IL DIVO aka IL DIVO:LA SPETTACOLARE
VITA DI GIULIO ANDREOTTI aka
THE SPECTACULAR LIFE OF GIULIO ANDREOTTI

Year: 2008
USA: Music Box Films
UK: Artificial Eye
Cast: Toni Servillo, Anna Bonaiuto, Giulio Bosetti, Flavio Bucci, Carlo Buccirosso, Giorgio Colangeli, Alberto Cracco, Piera Degli Esposti, Lorenzo Gioielli, Paolo Graziosi, Gianfelice Imparato, Massimo Popolizio, Aldo Ralli, Giovanni Vettorazzo
Director: Paolo Sorrentino
Country: Italy
Language: Italian (English subtitles)
USA: 110 mins
UK: 117 mins
UK Certificate: 15 contains strong violence
USA Release Date: 24 April 2009 (Limited Release)
UK Release Date: 20 March 2009 (Limited Release)
UK Distributor

Synopsis

From the director of THE CONSEQUENCES OF LOVE & THE FAMILY FRIEND, IL DIVO was the winner of the Jury Prize at Cannes Film Festival 2008, Toni Servillo was winner of Best European Actor at the European Film Awards 2008 and also won Film On The Square at the London Film Festival 2008.

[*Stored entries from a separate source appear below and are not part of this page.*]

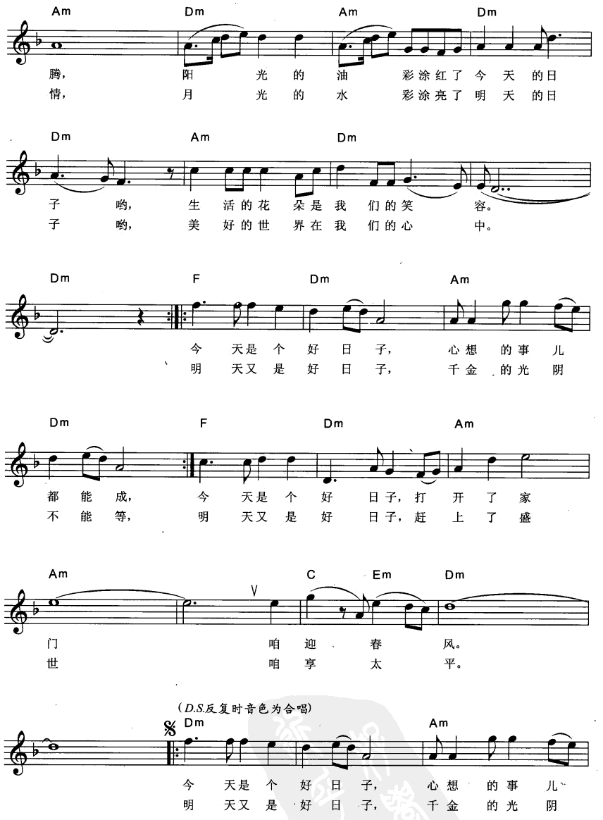 - [笛子谱,分谱,总谱] 好日子 梆笛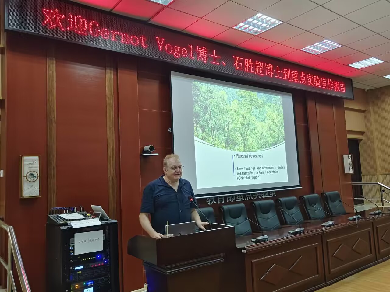2023年9月25日上午,东南亚两栖爬行动物研究所Gernot Vogel博士应邀到我院珍稀濒危动植物生态与环境保护教育部重点实验室作学术报告。报告会由学院陈泽柠博士主持,学院100余名师生参与交流研讨。
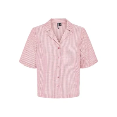 Pieces Women's Shirt, Pink Lemonade/Stripes: Bright White, S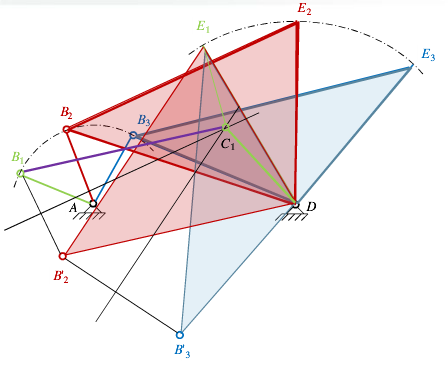 函数机构的图解法设计,最终归结到按给定若干组两个连架杆对应位置的平面四杆机构设计。其采用的方法是:

In Rome, at dawn, when everyone is sleeping, one man is awake. That man is Giulio Andreotti (Toni Servillo).

He's awake because he has to work, write books, move in fashionable circles and, last but not least, pray. Calm, crafty and inscrutable, Andreotti is synonym of power in Italy for over four decades. At the beginning of the Nineties, this impassive yet insinuating, ambiguous yet reassuring figure appears set to assume his seventh mandate as Prime Minister without arrogance and without humility.

Approaching seventy, Andreotti is a gerontocrat who, with all the attributes of God, is afraid of no one and does not know the meaning of awe, since he is accustomed to seeing it stamped on the faces of all his interlocutors. His satisfaction is muted, impalpable. For him, satisfaction is power, with which he has a symbiotic relationship. Power the way he likes it. Unwavering and immutable, from the outset. He emerges unscathed from everything: electoral battles, terrorist massacres, slanderous accusations. He is untouched by it all, unchanging.

Until the strongest counter power in Italy, the Mafia, declares war on him. Then things change. Perhaps even for the enigmatic, immortal Andreotti. But the question is: do they really change or only appear to? We can be sure of one thing: it is difficult to tarnish Andreotti, the man who knows the ways of the world better than any of us.